Look at Exodus 18:22“Have them serve as judges for the people at all times, but have them bring every difficult case to you; the simple cases they can decide themselves. That will make your load lighter, because they will share it with you.”

This wasn’t a once-a-month job but an all-the-time commitment.

5. Train and teach the people you recruit.

Exodus 18:20 tells us to “Teach them the decrees and laws, and show them the way to live and the duties they are to perform.” You must model to others how you want it done.  Classes are good, but hands-on training is better. Christians are the only people group I know that confuse the word training with verbal instruction. Every secular job that offers training does so by verbal communication in addition to hands-on training and mentoring. 

You don’t have to be the only model. I use my staff, master teachers, and coordinators to help me train and equip others. Everyone should help in the training and equipping process.

6. Push authority down!

It’s extremely important that you always delegate authority along with responsibility. One of the dumbest sayings I know is “The buck stops here.” There are many places for the buck to stop when you give authority to others. Those you delegate to cannot carry out the tasks that you desire without the authority.

7. Put your heart into the level of leadership under you.

A person can’t represent you well if they don’t have your heart. You can’t put your heart into your volunteer leaders without making a commitment to spend time with them. Whenever you can, take someone with you. Be quick to pass on your knowledge to someone else. Allow those around you to ask questions. Establish excellent lines of communication. Take advantage of every communication tool available. I use meetings, newsletters, and e-mails.  

8. Support and encourage those who help you.

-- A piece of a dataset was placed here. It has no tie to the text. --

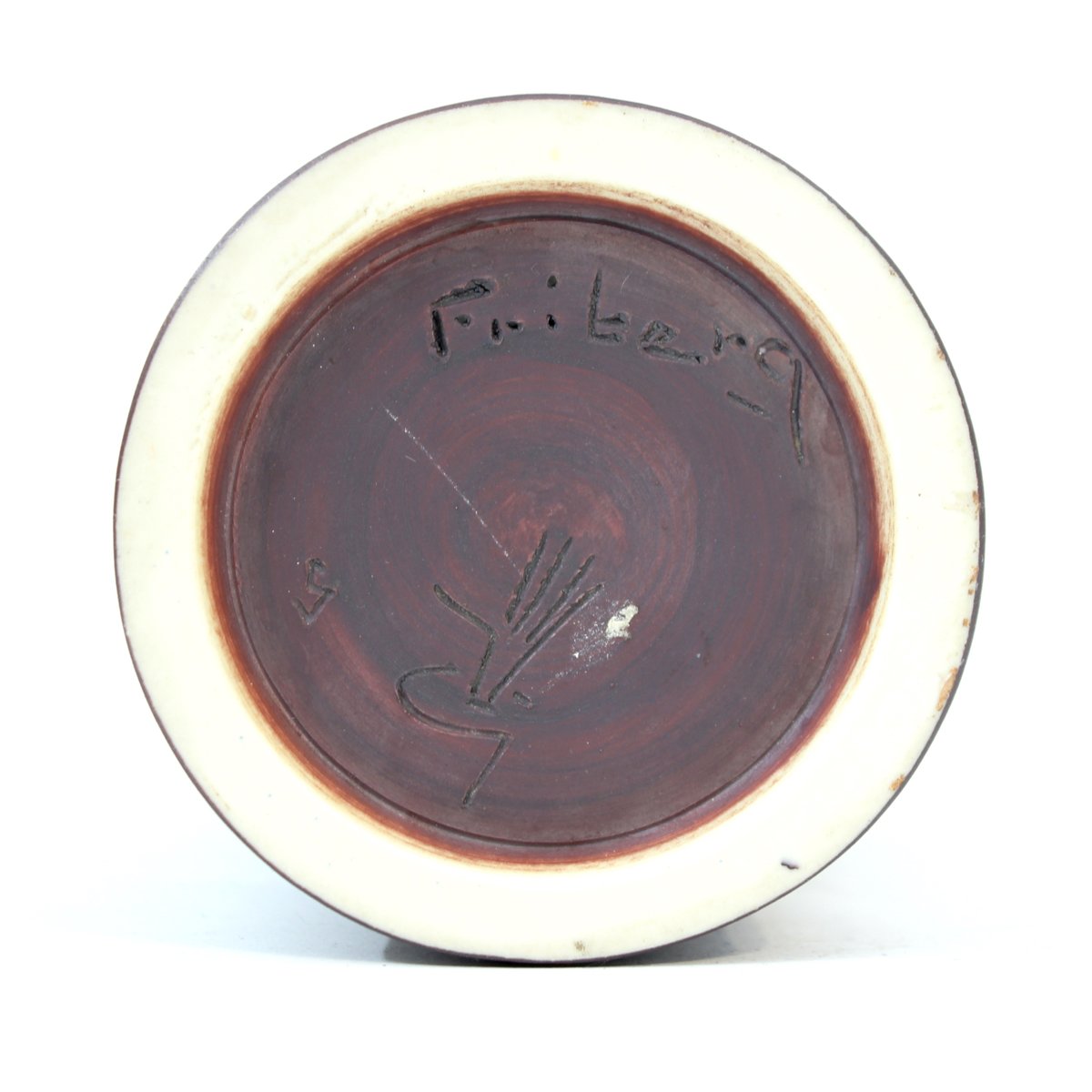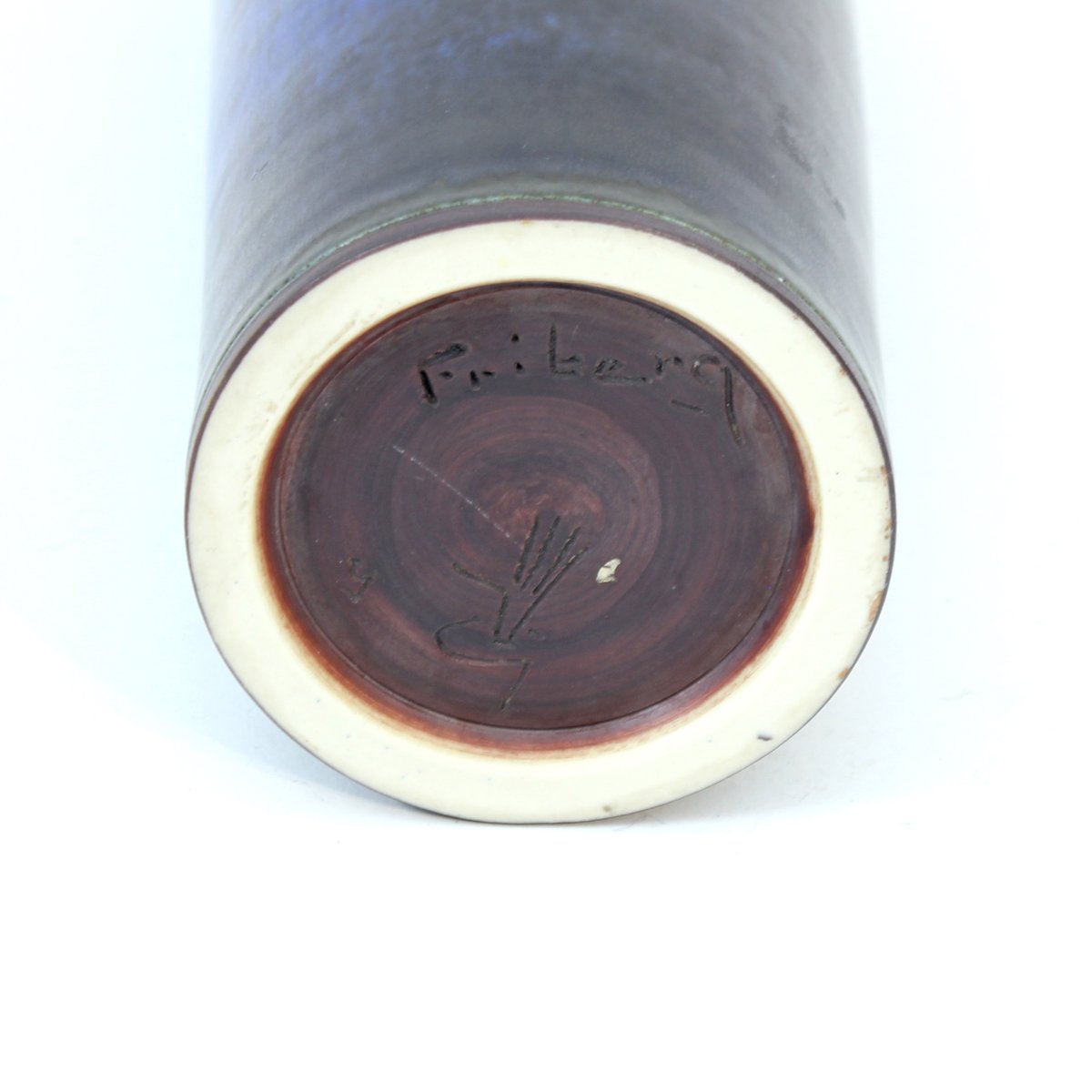 Berndt Friberg (1899-1981) war ein schwedischer Keramikkünstler, der in den 1950ern besonders aktiv war. Er war für sein meisterliches Können bezüglich der Form und seine geometrischen und glänzenden Glasuren bekannt. Ihm wird außerdem, gemeinsam mit seinen Mentoren Wilhelm Kåge und Stig Lindberg zugeschrieben, das G-Studio von Gustavsberg in das goldene Zeitalter der Keramik geführt zu haben.

It’s imperative to build a support structure around your volunteers. Our job isn’t to do all the work in children’s ministry but to train up others and prepare them for works of service. In the same way, we must lead others by encouragement. This isn’t as hard as you may think.

Here are five sure-fire ways to encourage kidmin volunteers. 

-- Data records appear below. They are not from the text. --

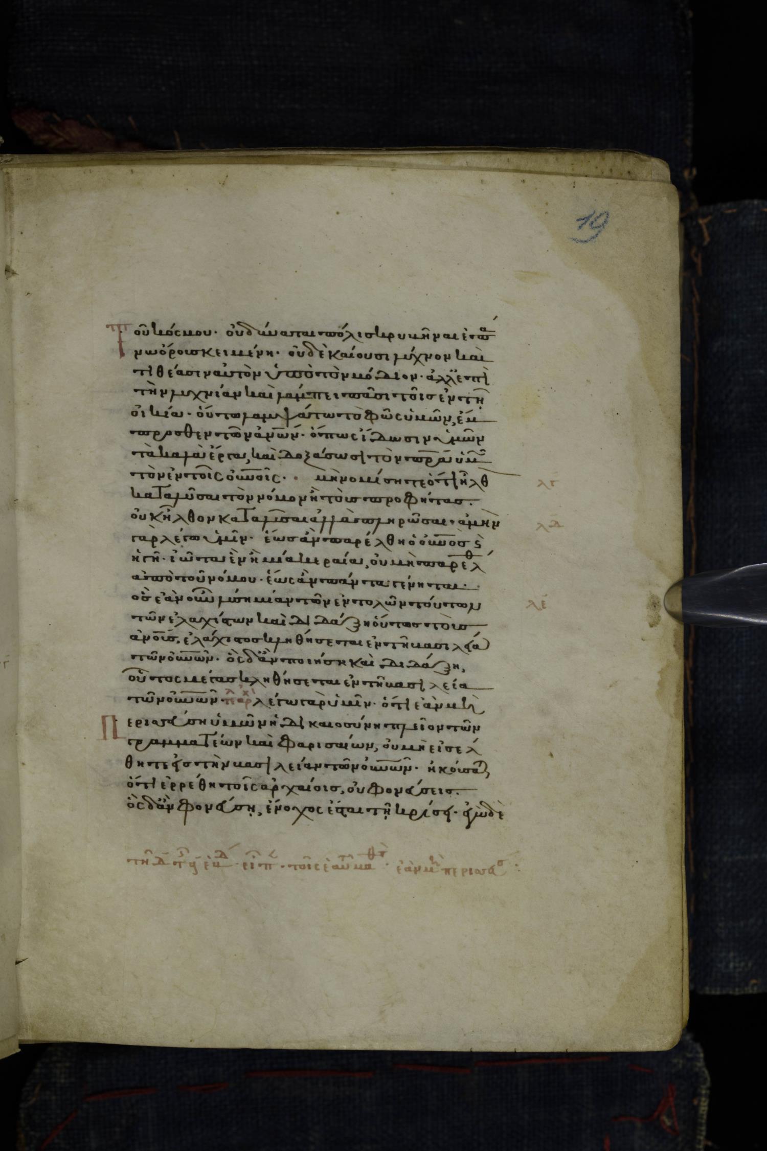 Thirteenth century minuscule of the Gospels on parchment; 223 leaves, 1 column, 24 lines per column. Images were taken at the National Library of Greece in Athens.
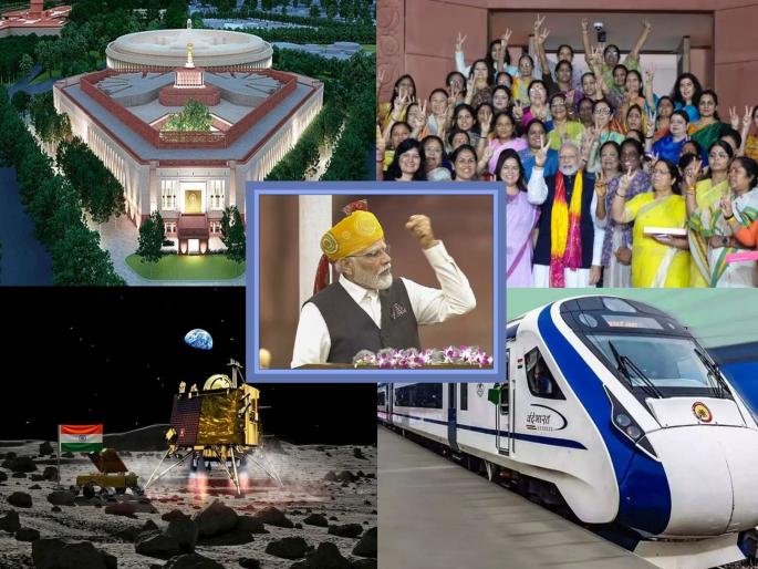 1 / 14भारतीय संस्कृतीत आकाश, वायू, अग्नी, जल आणि पृथ्वी या पाच तत्त्वांना असाधारण महत्त्व आहे. ही पंचतत्त्वे जीवनातील महत्त्वाचे घटक असतात. २०२३ या सरत्या वर्षांत भारताने विविध क्षेत्रांत केलेल्या अतुल्य कामगिरीने या पंचतत्त्वांवर आपली मुद्रा कोरली आहे. चंद्रयान आणि सूर्ययानाच्या माध्यमातून भारताने अवकाशाला गवसणी घातली, तर वायूप्रमाणे सर्वांत वेगवान गतीने वाढणारी आपली अर्थव्यवस्था जगात पाचव्या स्थानावर पोहोचली. अग्नितेजाप्रमाणे संरक्षणक्षेत्रात तेजस्वी भरारी घेत भारत निर्यातदार देश ठरला. वाराणसीहून ढाका मार्गे दिब्रूगडला जाणारी गंगाविलास ही नदीतून सर्वात लांब प्रवास करणारी क्रूझ याच वर्षात लाँच झाली. जलतत्त्वाशी जोडली गेलेली ही क्रूझ पाच राज्य आणि दोन देशांमधून तब्बल ५१ दिवसांचा प्रवास करते. पृथ्वी अर्थात मातीशी जोडल्या गेलेल्या दोन घटनांमध्येही भारताने ठसा उमटवला. उत्तरकाशीतील बोगदा दुर्घटनेत ४१ कामगार अडकले होते. या कामगारांना अथक प्रयत्नांतून १७ दिवसांनी सुखरूप बाहेर काढण्यात यश आले, ही जगातील दुर्मीळ घटना ठरली. तर जम्मू काश्मीर पाठोपाठ राजस्थानात सापडलेल्या लिथियम साठ्यांमुळे मोठा खजिना भारताच्या हाती गवसला. या सर्व सकारात्मक घडामोडींमुळे मावळते वर्ष देशासाठी आणि आपल्यासाठी चांगल्या आठवणीही देऊन जात आहे.2 / 14पंतप्रधान नरेंद्र माेदी यांच्या हस्ते संसदेच्या भव्य अशा नव्या इमारतीचे २८ मे राेजी लाेकार्पण करण्यात आले. नव्या संसद भवनात लाेकसभेचे १ हजार आणि राज्यसभेचे ४०० खासदार बसू शकतील. नवी इमारत बांधण्यासाठी सुमारे ८६२ काेटी रुपये खर्च झाले.3 / 14देशभरात २०२३ वर्षाअखेरपर्यंत एकूण ४१ वंदे भारत व २ अमृत भारत एक्स्प्रेस सुरू करण्यात आल्या. त्यापैकी महाराष्ट्राच्या वाट्याला ७ वंदे भारत एक्स्प्रेस आल्या.4 / 14भारताच्या अध्यक्षतेखाली आयोजित जी-२० शिखर परिषदेला ऐतिहासिक यश मिळाले. परिषदेने भारताचा सन्मान वाढविला. परिषदेचा जाहिरनामा प्रथमच एकमताने मंजूर झाला. याच परिषदेत दक्षिण आफ्रिकेचा समावेश हाेऊन जी-२०चा जी-२१ असा विस्तारही झाला.5 / 14महिलांना लाेकसभा आणि राज्यसभेत ३३ टक्के आरक्षण देणारे ‘नारी शक्ती वंदन विधेयक’ संसदेत २१ सप्टेंबर राेजी मंजूर झाले. त्यानंतर २९ सप्टेंबर राेजी राष्ट्रपती द्रौपदी मुर्मू यांनी त्यावर स्वाक्षरी केली आणि विधेयकाचे कायद्यात रूपांतर झाले. येत्या काळात हा कायदा लागू होणार आहे.6 / 14भारताच्या दृष्टीने चंद्रयान-३ हे चंद्राच्या पृष्ठभागावर यशस्वीरीत्या उतरणे, हे सर्वात माेठे यश ठरले. २३ ऑगस्ट राेजी चंद्रयान-३ चंद्रावर उतरले आणि भारत चंद्राच्या दक्षिण ध्रुवावर पोहोचणारा पहिला देश ठरला. त्यानंतर ‘आद
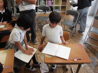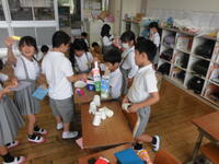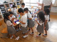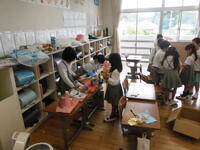 1年生のために、これまで一生懸命おもちゃをつくってきた2年生。8日は、いよいよ1年生を招待して「おもちゃランドで遊ぼう」を開催する日です。おもちゃランドにふさわしいいろいろなコーナーがありました。くじ引き、ホッケー、お店、修理屋、ゴール、レース&ベイブレード。どれも工夫いっぱいで心のこもったコーナーです。2年生は、1年生に遊び方について説明したり一緒に遊んで教えたりしながら、1年生が楽しめるようにがんばっていました。遊びに来た1年生は、お好みのコーナーを見つけながらいろいろなコーナーを笑顔いっぱいに回っていました。その様子を見た2年生もまた笑顔いっぱいになっていました。

  • Catch people doing things right. Complement volunteers on a job well done.

  • Take calls from your volunteers.

  • Check on volunteers and see how they’re doing. Use your M.B.W.A. degree: Management by Walking Around.

  • Help others be better at what they do, every chance you get.

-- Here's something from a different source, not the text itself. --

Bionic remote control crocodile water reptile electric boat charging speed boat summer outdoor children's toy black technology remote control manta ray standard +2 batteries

9. Make corrections and changes when necessary.

What if they quit? Why be negative…if they quit, they quit, but what if they change and become a super leader? If it’s not broke, don’t fix it; in other words, don’t make changes just for the sake of change. Every service can be better than the last one if you make changes and corrections each week. I make a list each Sunday, then spend my week correcting that list. Then next week, I get to make a new list.

10. Always set the pace as the leader.

Be the kind of person you’d like to work for. Dare to lead no matter what. Give volunteers an example to follow and a model worth imitating.

Delegation isn’t an option for people who want to succeed in ministry. First, you must take inventory of where you are. Start small and go from there. I try to recruit my team one worker at a time.

Ask yourself and your volunteers, “What do I need to do differently?” What volunteers do you see potential in? Commit to coach your volunteers, and let them learn by doing. Then you’ll have depth to win championships!